Data items:
--------------------------------------------------
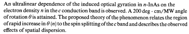 An ultralinear dependence of the induced optical gyration in я-InAs on the electron density η in the с conduction band is observed. A 200 deg · cm/MW angle of rotation Θ is attained. The proposed theory of the phenomenon relates the region of rapid increase in θ (η) to the spin splitting of the с band and describes the observed effects of spatial dispersion.
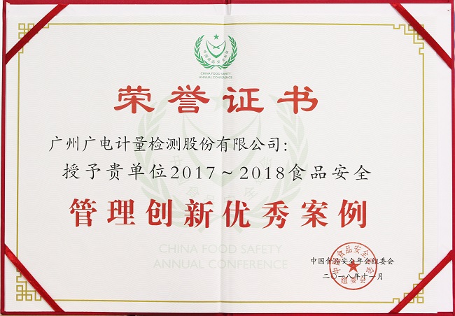 廣電計量獲評“食品安全管理創新優秀案例”
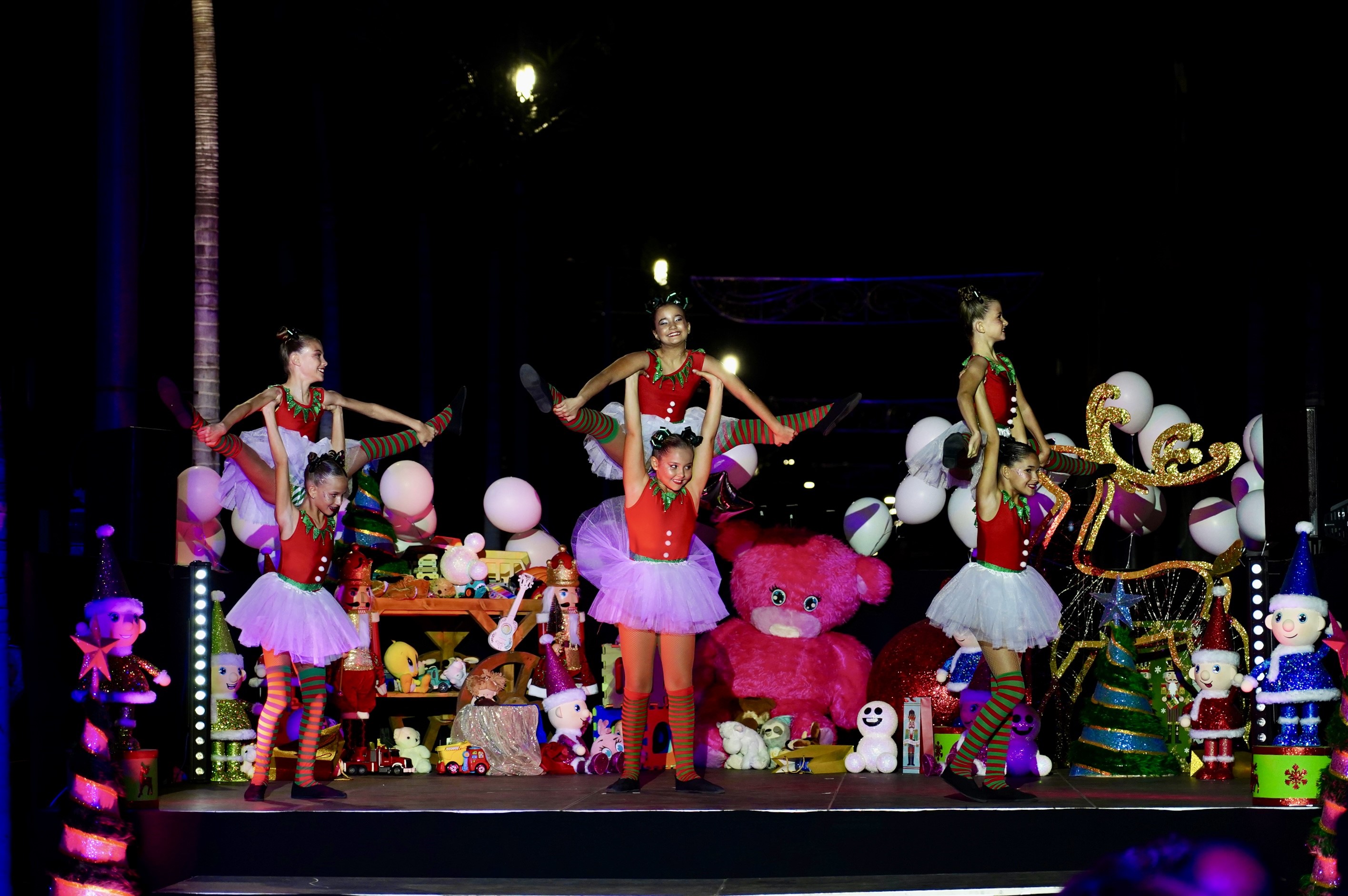 El espectáculo teatral y musical contó con Mingo Ávila como protagonista, las cantantes Marieme Abdullah y Elizabeth López Martel, y los acróbatas Leví y Estrella, y una decena de bailarines y acróbatas. El árbol de cinco metros de altura fue uno de los protagonistas del espectáculo, con su cambio de luces y con un mensaje a favor de la paz. Las encargadas de dar a la palanca del encendido fueron la profesora Luz Marina y Conchi, una trabajadora municipal del área de Comercio que este año se jubila.
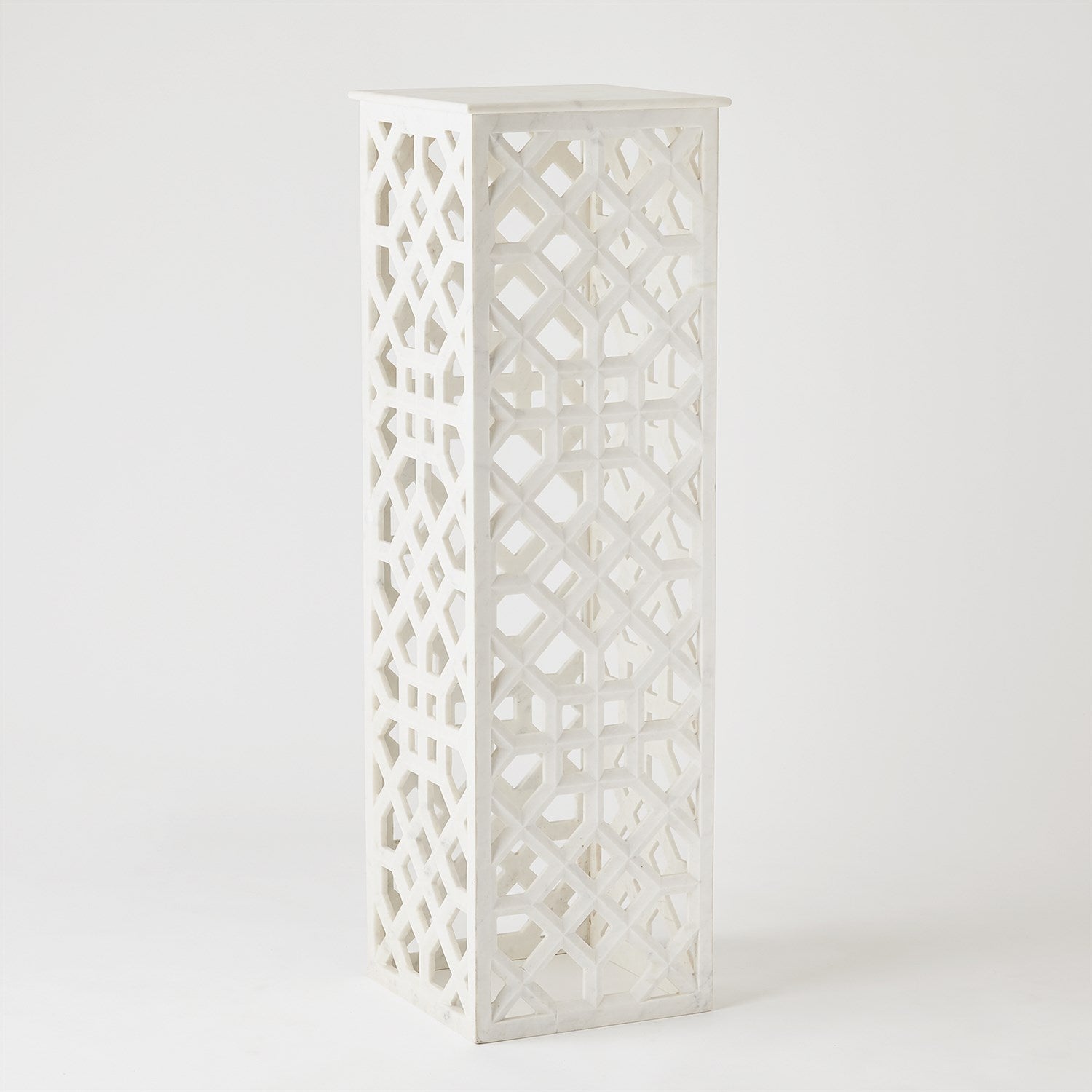 This pedestal is made from hand carved honed white marble from the deserts of India. The fret work pattern is based on traditional Moorish and Indian motifs. This substantial piece is an incredible value for the materials and hand work in it.
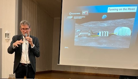Presidenten fra RRK ønsket velkommen og ga ordet til foredragsholderen. Han er fagsjef for det som heter «Bemannet romfart og utforskning» i «Direktoratet for Romvirksomhet» som er underlagt «Næring- og fiskeridirektoratet». Tidligere het det Norsk Romsenter. De holder til på Skøyen og er ca. 50 ansatte. Deres oppgave er å følge opp den offentlige romsatsingen og utvikling av norsk romnæring. De har et budsjett på 1.614 millioner hvor av mye av dette går til programmer i regi av ESA og EU. Norge har vært medlem av den europeiske romorganisasjonen ESA siden 1987.
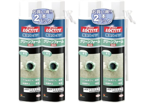 Package Contents: LOCTITE Foaming Urethane Green Foam Big 570g x 2 tubes - Economical one-liquid foaming urethane, versatile for filling all gaps, soundproofing, and insect/rodent control
--------------------------------------------------
* EXERCISE BRIEF *
All of the data must be set down exactly, with no pictures included.

* RESPONSE FOR THIS EXERCISE *
 An ultralinear dependence of the induced optical gyration in я-InAs on the electron density η in the с conduction band is observed. A 200 deg · cm/MW angle of rotation Θ is attained. The proposed theory of the phenomenon relates the region of rapid increase in θ (η) to the spin splitting of the с band and describes the observed effects of spatial dispersion.
 廣電計量獲評“食品安全管理創新優秀案例”
 El espectáculo teatral y musical contó con Mingo Ávila como protagonista, las cantantes Marieme Abdullah y Elizabeth López Martel, y los acróbatas Leví y Estrella, y una decena de bailarines y acróbatas. El árbol de cinco metros de altura fue uno de los protagonistas del espectáculo, con su cambio de luces y con un mensaje a favor de la paz. Las encargadas de dar a la palanca del encendido fueron la profesora Luz Marina y Conchi, una trabajadora municipal del área de Comercio que este año se jubila.
 This pedestal is made from hand carved honed white marble from the deserts of India. The fret work pattern is based on traditional Moorish and Indian motifs. This substantial piece is an incredible value for the materials and hand work in it.
Presidenten fra RRK ønsket velkommen og ga ordet til foredragsholderen. Han er fagsjef for det som heter «Bemannet romfart og utforskning» i «Direktoratet for Romvirksomhet» som er underlagt «Næring- og fiskeridirektoratet». Tidligere het det Norsk Romsenter. De holder til på Skøyen og er ca. 50 ansatte. Deres oppgave er å følge opp den offentlige romsatsingen og utvikling av norsk romnæring. De har et budsjett på 1.614 millioner hvor av mye av dette går til programmer i regi av ESA og EU. Norge har vært medlem av den europeiske romorganisasjonen ESA siden 1987.
 Package Contents: LOCTITE Foaming Urethane Green Foam Big 570g x 2 tubes - Economical one-liquid foaming urethane, versatile for filling all gaps, soundproofing, and insect/rodent control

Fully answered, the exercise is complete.